Kesederhanaan hidup sosok Pak Harto banyak digambarkan dalam berbagai buku maupun dokumen dan catatan sejarah selama 32 tahun beliau memimpin Indonesia.

Bahkan dalam sejumlah catatan, sejak masih menjadi angota ABRI, Pak Harto selalu melakukan laku prihatin sebagaimana orang Jawa pada umumnya. Hal itu masih tetap dilakukan, bahkan saat Pak Harto telah menjadi orang Nomor Satu di Indonesia.

Hal itulah yang dianggap sulit ditemukan pada sosok Pemimpin di Indonesia saat ini. Sebagaimana diungkapkan salah seorang Kepala Dusun Bibis, Bangunjiwo, Kasihan Bantul, Sunardi, yang sedikit banyak mengetahui jejak Pak Harto di dusunnya.

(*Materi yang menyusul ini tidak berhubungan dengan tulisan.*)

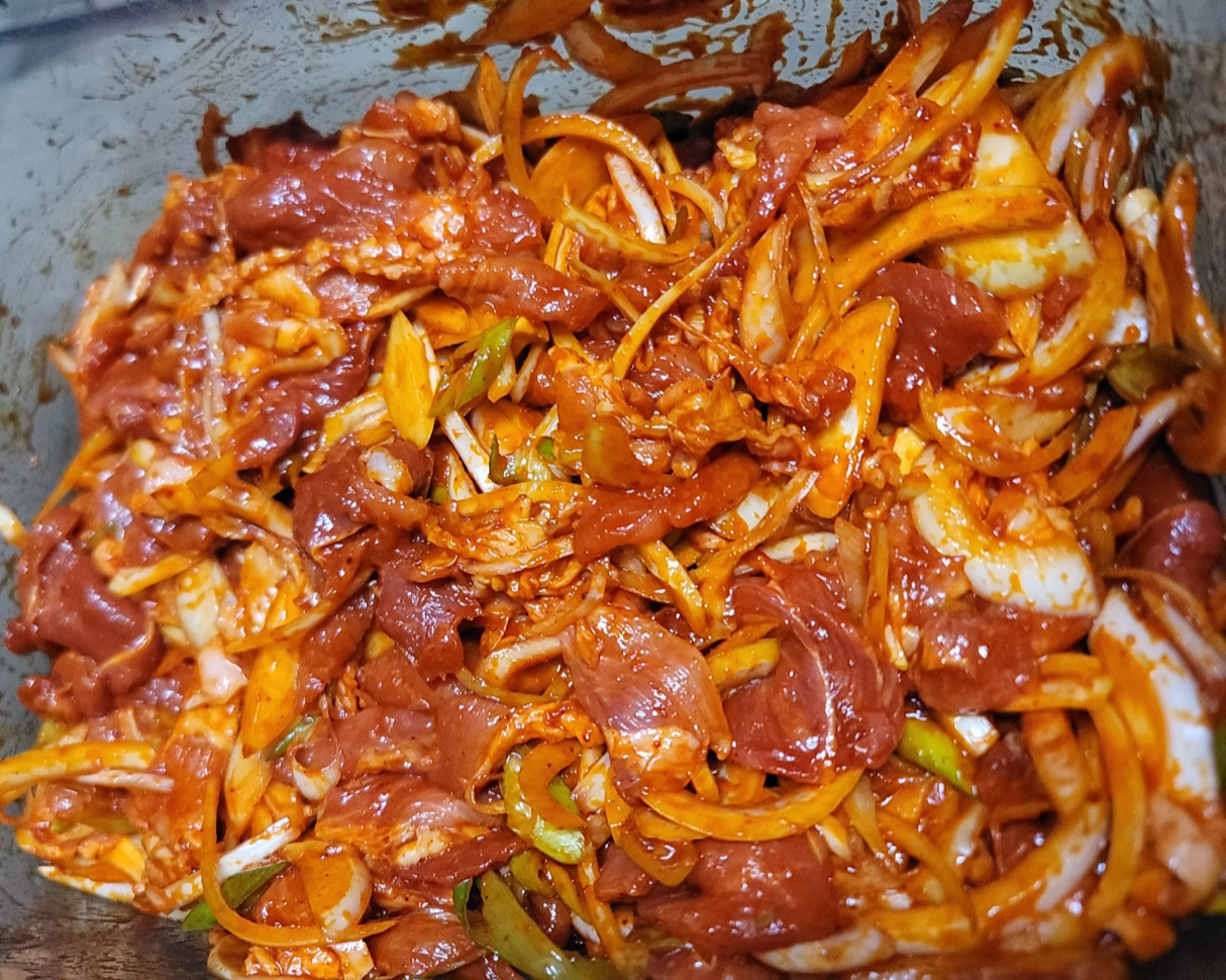 고춧가루 2T를 추가해서 섞어줍니다. 저는 다음날 어머님네 가져가야 했어서 하루 재워놓을 거예요. 고기랑 채소랑 양념 무쳐서 바로 구워드셔도 맛있어요.

Sebagaimana diketahui, Dusun Bibis merupakan dusun yang pernah menjadi markas atau tempat persembunyian tentara Wehrkreise III pimpinan Letkol Soeharto, saat melawan penjajah Belanda sekaligus merencanakan Serangan Umum 1 Maret 1949 di kota Yogyakarta.

“Saat meresmikan Monumen Bibis, Pak Harto pernah ke sini sebagai Presiden. Pengamanannya sangat ketat. Banyak tentara di mana-mana. Maklum yang datang sekaliber Pak Harto yang merupakan orang nomor satu di Indonesia,” katanya.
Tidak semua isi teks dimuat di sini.